Наверное, он был очень талантлив, иначе бы, вспоминая о прошлом, не называл себя хреновым актером. Наверное, впереди у него были все почести и звания, которыми отличают небездарных артистов — в общем, его ждала обычная, накатанная жизненная колея. Но эти обычность и накатанность его угнетали, ему хотелось чего-то иного, какой-то яркости и необыкновенности, ему хотелось, чтобы вокруг его таланта был ореол легенды, мифической невероятности, и это было не желание славы, которая понемногу, помаленьку, не семимильными, но вполне уверенными шагами и без того, наверно, приближалась к нему, это было желание с у д ь б ы, той, иной, лежащей за пределами судьбы профессиональной — судьбы биографической, которой дано ему не было и не могло быть дано: школа, училище, театр — заурядная лесенка взросления и удачливости. Вино, быть может, не сразу показалось ему волшебным ключом, открывающим потайную дверцу, ведущую к необыкновенности, оно просто веселило душу и смывало с мира его серую краску обычности. Но когда вино становится обиходно, рано или поздно оно выламывает человека из обычности — ночью, проведенной в вытрезвителе, скандалом на репетиции, нелепой фразой в присутствии министерского начальства, дракой в ресторане… вознаграждая его за все сопутствующие неприятности ореолом легенды. И когда это оказывается осознанно, следствие переходит в причину, и человек уже не способен отделить себя от своей новой личины, он уже не мыслит себя без этих ставших уже привычными необычностей, — и это уже та, новая его судьба.
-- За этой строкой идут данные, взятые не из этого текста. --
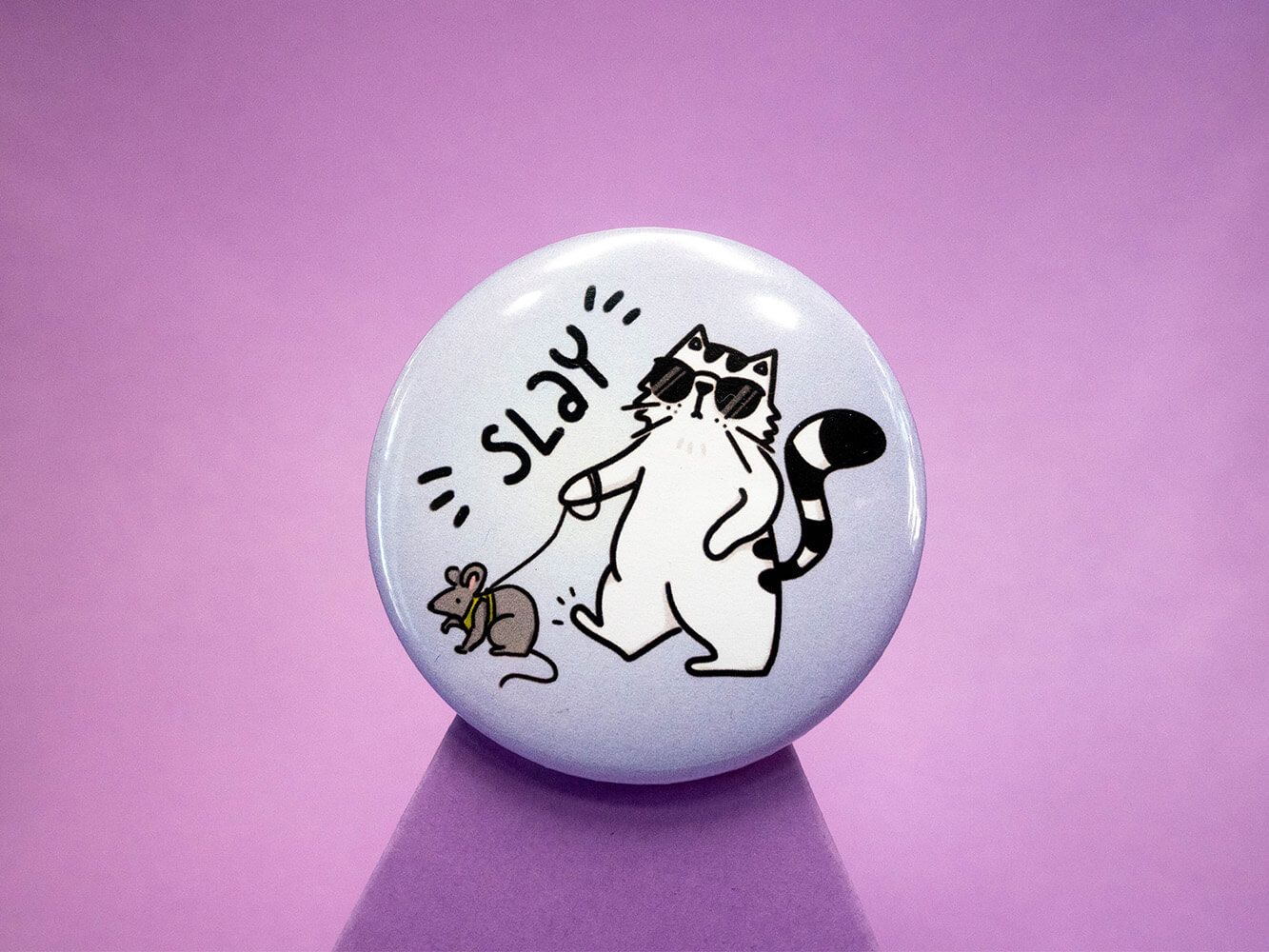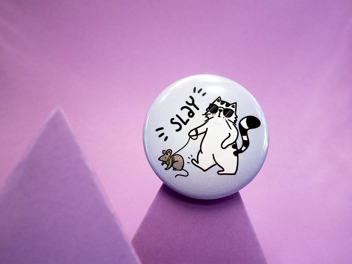 Przypinka z Panem Kotem Szczepanem, który wybrał się na spacer ze swoim domowym zwierzątkiem. A ponieważ Szczepan mieszka w centrum dużego miasta, jasne jest, że jego zwierzątko… To szczur!

Половников считает, ему просто не повезло. Он и сейчас полагает, что спрыгнул бы с третьего этажа, ничего себе не поломав и не отбив, если бы его не стали пытаться хватать под мышки, а он вынужден был отбиваться — и потому не удержал вертикального положения тела.
И вот, ни к чему, ни к какому делу не способный теперь инвалид, он бродит по Ушу, пропивая до копейки всю свою тощую инвалидную пенсию, и теперь-то уж действительно: что ему еще остается?
Я быстро и легко завожу знакомства — с кем угодно, в каких угодно обстоятельствах, это дается мне без всяких усилий, само собой, как бы между делом. Так вот я познакомился и с ним и иногда, не часто, но иногда, люблю встретиться, потрепаться о том о сем — его пронзительная, горчайшая искренность глубоко трогает меня, и нет-нет да и обдаст тебя вдруг в этих разговорах мощью его утраченного таланта. В таланте, конечно, и была его главная сущность, его человеческая яркость и истинно судьба, во всех ее значениях и смыслах, но разве дано нам понять самих себя?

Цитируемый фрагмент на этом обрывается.